__Problem to solve__: From the first line of the listing below, retype each line up to and including the one with "Harur is the"; pictures stay out.

__Supplied information__:
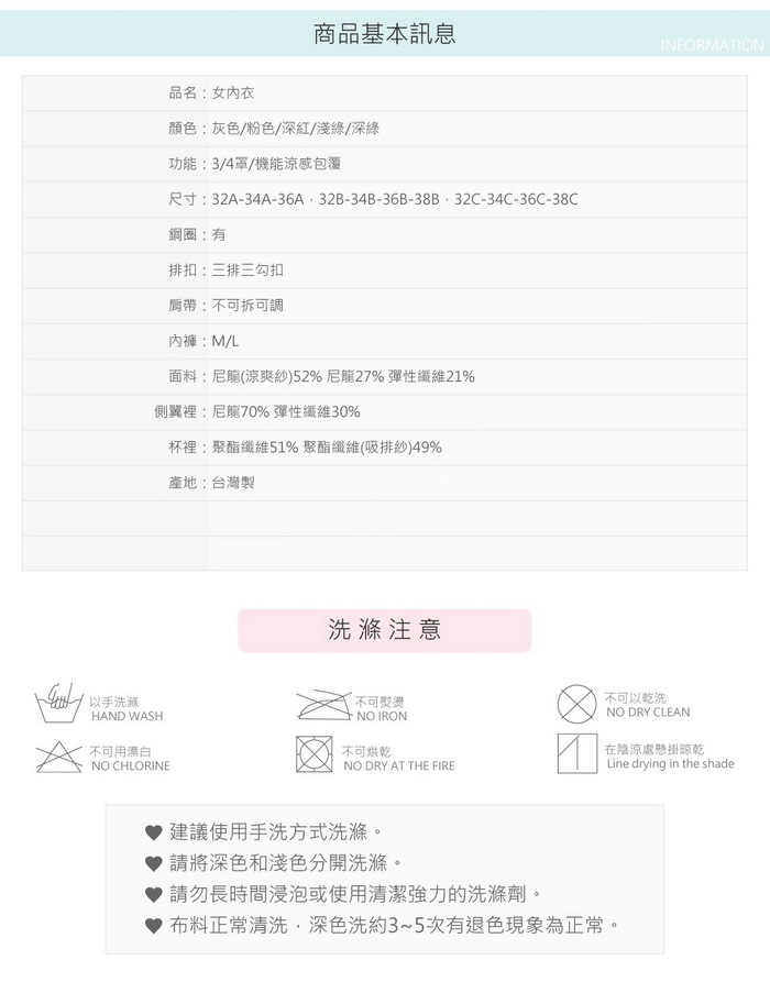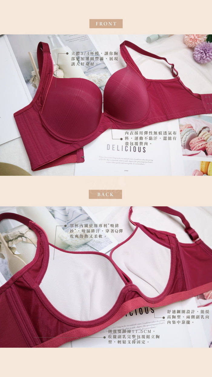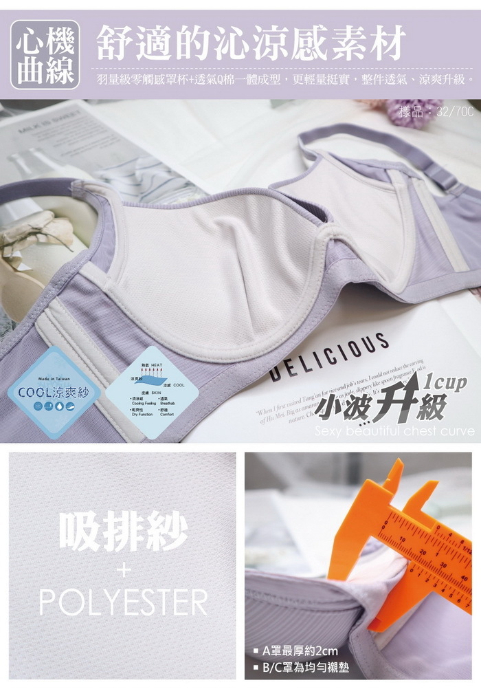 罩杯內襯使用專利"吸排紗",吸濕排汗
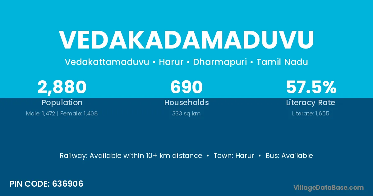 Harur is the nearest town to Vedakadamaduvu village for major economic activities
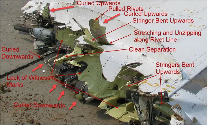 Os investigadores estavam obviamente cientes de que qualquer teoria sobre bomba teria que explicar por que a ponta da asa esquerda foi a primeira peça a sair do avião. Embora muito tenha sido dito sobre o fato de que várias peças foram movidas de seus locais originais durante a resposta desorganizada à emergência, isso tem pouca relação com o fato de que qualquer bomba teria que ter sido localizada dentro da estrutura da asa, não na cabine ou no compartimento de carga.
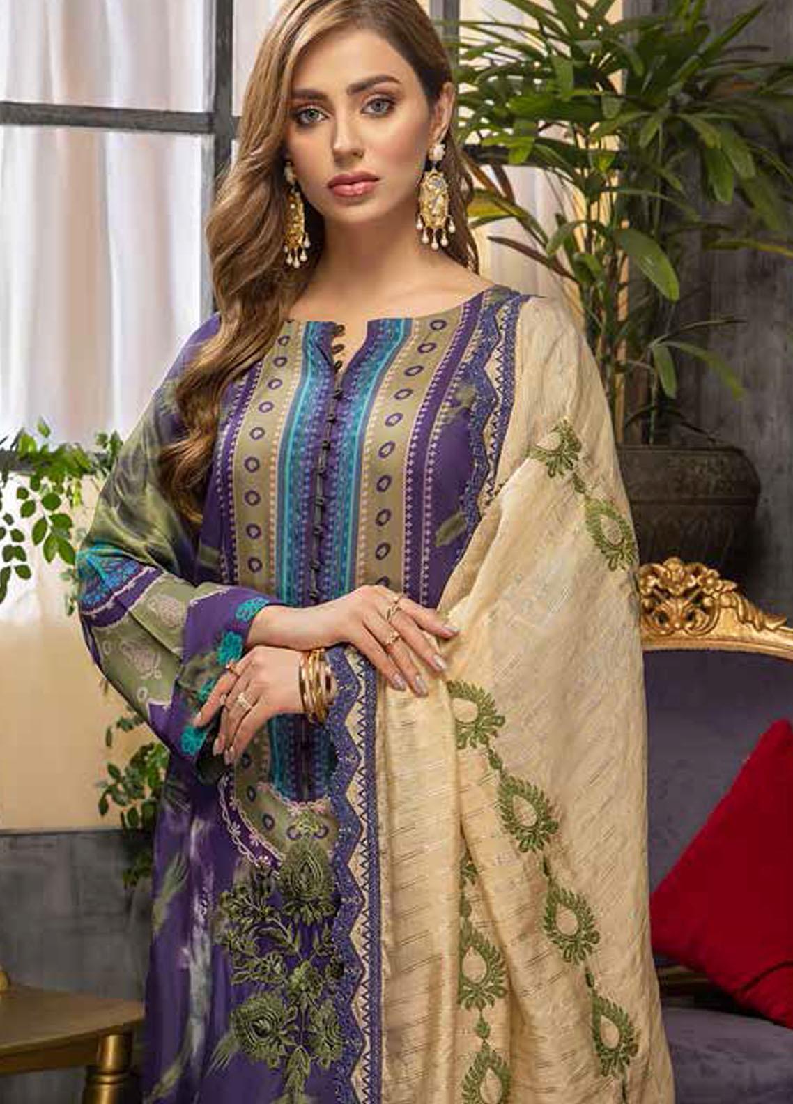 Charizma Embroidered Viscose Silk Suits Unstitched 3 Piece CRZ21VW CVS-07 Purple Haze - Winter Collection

__Answer box__:
 罩杯內襯使用專利"吸排紗",吸濕排汗
 Harur is the nearest town to Vedakadamaduvu village for major economic activities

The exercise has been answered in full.